Karl Nolle, MdL

Frankfurter Rundschau, 01.07.2009

Sachsen-SPD: Großer Krach in kleiner Partei

 
Eigentlich sind Ferien. Eigentlich pausiert der sächsische Politikbetrieb seit vergangener Woche, bevor der Landtagswahlkampf im August losgeht. Doch in der SPD, beim Juniorpartner des CDU-Ministerpräsidenten Stanislaw Tillich, gärt und gurgelt es weiter: "Wenn die Familie mit hineingezogen wird, ist der Bogen überspannt", sagte SPD-Chef und Wirtschaftsminister Thomas Jurk den Dresdner Neuesten Nachrichten.

Jurk meinte den SPD-Abgeordneten Karl Nolle, der in seinem wütenden Buch über die DDR-Blockpartei CDU auch Veronika Tillich, die Frau des Ministerpräsidenten, angeht: Die sei "Propagandistin" in der DDR gewesen. Für den in der DDR groß gewordenen Ostsachsen Jurk war das zu viel. Die Familie angreifen? Eine Frau, die heute kein Parteiamt innehat? "In der politischen Auseinandersetzung gibt es für mich ein klare Grenze", so Jurk.

Karl Nolle, der aus Hannover eingewanderte Druckereibesitzer, pflegt einen aggressiveren Stil als Jurk. Den Wüterich treiben Gerechtigkeitsempfinden und Eitelkeit. Er wirkte am Abgang der CDU-Ministerpräsidenten Kurt Biedenkopf und Georg Milbradt mit. Nolle trifft häufig einen Nerv - aber nie den richtigen Ton.

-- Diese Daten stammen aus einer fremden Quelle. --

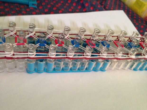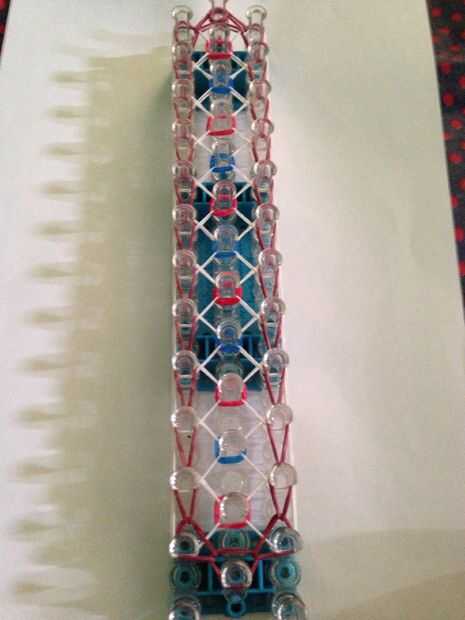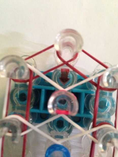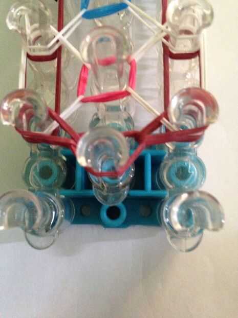 * punta si esta es su primera vez haciendo e intermedio nivel pulsera sugiero usar los mismos colores.Primero consigues una banda de caucho (verde) va en la clavija media y poner diagonalmente hacia arriba a la izquierda y luego de la misma a la dere

Stanislaw Tillich, seit 2008 Ministerpräsident, war zu DDR-Zeiten Mitglied des Rates des Kreises Kamenz. Ein Funktionär in der dritten oder vierten Reihe, zuständig für die Verteilung nicht vorhandener Bananen. Immerhin soll Tillich noch 1989 an zwei Enteignungen beteiligt gewesen sein.

"Keine Schande"

Selbst Nolle sagte, Tillichs Biografie sei "keine Schande" - nur sein Umgang damit. Womit er das ungeschickte Manipulieren von Tillichs Biografie auf offiziellen Internetseiten meint, auf denen Teile aus Tillichs DDR-Leben plötzlich entfernt wurden.

Die Union spricht nicht über Tillichs Vergangenheit, die SPD verschluckt sich daran. Sie ist gespalten in diejenigen wie Jurk, die etwa so argumentieren: Nach 20 Jahren ist es mal gut; Tillich hat auf niemanden geschossen, niemanden bespitzelt. Auf der anderen Seite diejenigen wie Nolle oder Fraktionschef Martin Dulig, die das selbstgerechte und scheinheilige Gehabe der ewigen Regierungspartei CDU nervt. Sie sind es leid, wegen möglicher rot-roter Bündnisse ständig in den Verdacht des Landesverrats gerückt zu werden.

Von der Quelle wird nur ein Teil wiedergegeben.